Mean IPSS and IPSS QoL were 20.5 (IQR 4) and 4.5 (IQR 1). Mean peak flow rate was 8.2 (IQR 3.3) mL/sec, post voiding residue (PVR) was 141.9 (IQR 165). 92 patients (35.8%) were included in the “favourable outcome” group, whilst 165 (64.2%) had at least one unfavourable criterion. One hundred-eight (65.0%) patients showed only one criterion, 46 (27.9%) showed two, and 11 (6.7%) showed three criteria related to an unfavourable outcome (Figure 1).

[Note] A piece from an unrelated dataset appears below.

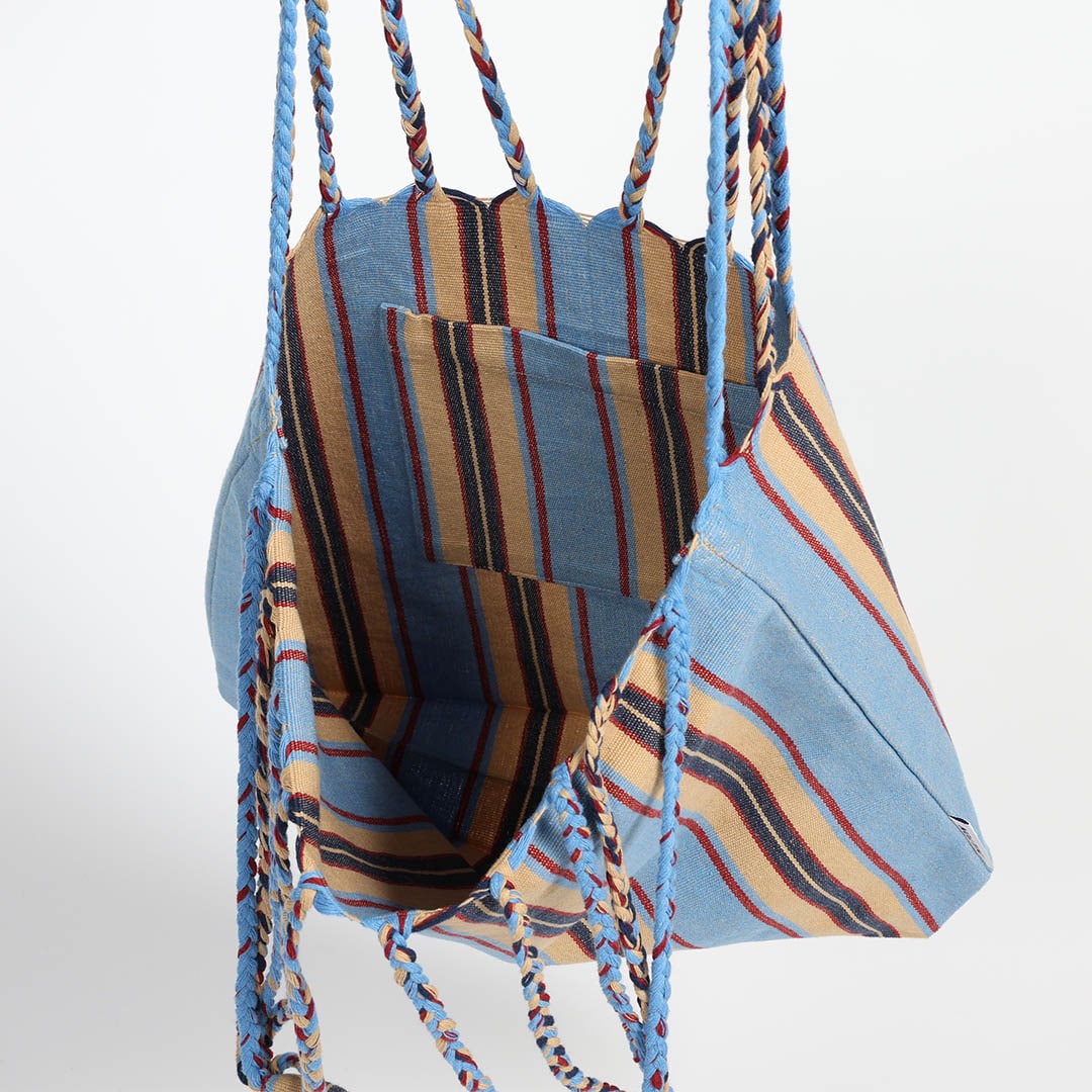 ハンモックのサスペンション部分が持ち手のデザインになったトートバッグ。 春夏〜秋冬と季節に合わせやすく、複数所有したくなる豊富なカラー展開です。 多色使いで、コーディネートに程よいアクセントを加えます。 マチつきで荷物が安定するので、なんとなく置いても絵になる。 織り方やデザインからトラディショナルな魅力を感じられるバッグです。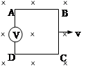 1、选择题 如图所示,在磁感应强度为B的匀强磁场中,有一边长为a的正方形线框在磁场中做速度为v的匀速运动,不计线框的内阻。在线框的AD边串一个内阻为R的伏特表,则AD两点间的电势差和伏特表的读数分别为(?)

In the group with “unfavourable outcome”, 122 patients (73.9%) showed a BCI<123 (124 patients -75.2%- showed a BCI<100); 78 patients (48.9%) showed a BOOI<48 (88 patients -53.3%- showed a BOOI<40); 71 patients (43.0%) showed both a BCI<123 and a BOOI<48 (74 – 44.8%- both a BCI<100 and a BOOI<40). On the other hand, only 33 on these 165 patients (20.0%) showed both a BOOI >48 and a BCI >123.
Interpretation of results
This retrospective study of consecutive male patients investigated with iUDS prior to possible surgery for BPO showed a very high prevalence of patients presenting one or more parameters related to unfavourable outcomes according to UPSTREAM Trial[2], [3]. The study identifies some favourable conditions that predict the success of surgery such as ICIQ subscale score >8, IPSS score >16, ICIQ score >18, Qmax >9.8 ml/s, IPSS QoL >4 and age <74 years (fewer comorbidities) at baseline assessment. Patients without one or more of these parameters may have poor quality outcomes after surgery. According to our data, these parameters would identify only a minority of patients who would benefit post-obstruction with reduction of voiding LUTS. In the remaining patients the iUDS seem to provide possibly useful information, considering that 73.9-75.2% show detrusor hypoactivity, 48.9-53.3% show absence or mild obstruction and 43.0-44.8% both urodynamic findings, correlated with a worse postoperative outcome with little or, in some cases, no improvement in voiding LUTS. In this way iUDS could change the evaluation and subsequent treatment in men with LUTS avoiding unnecessary surgical interventions.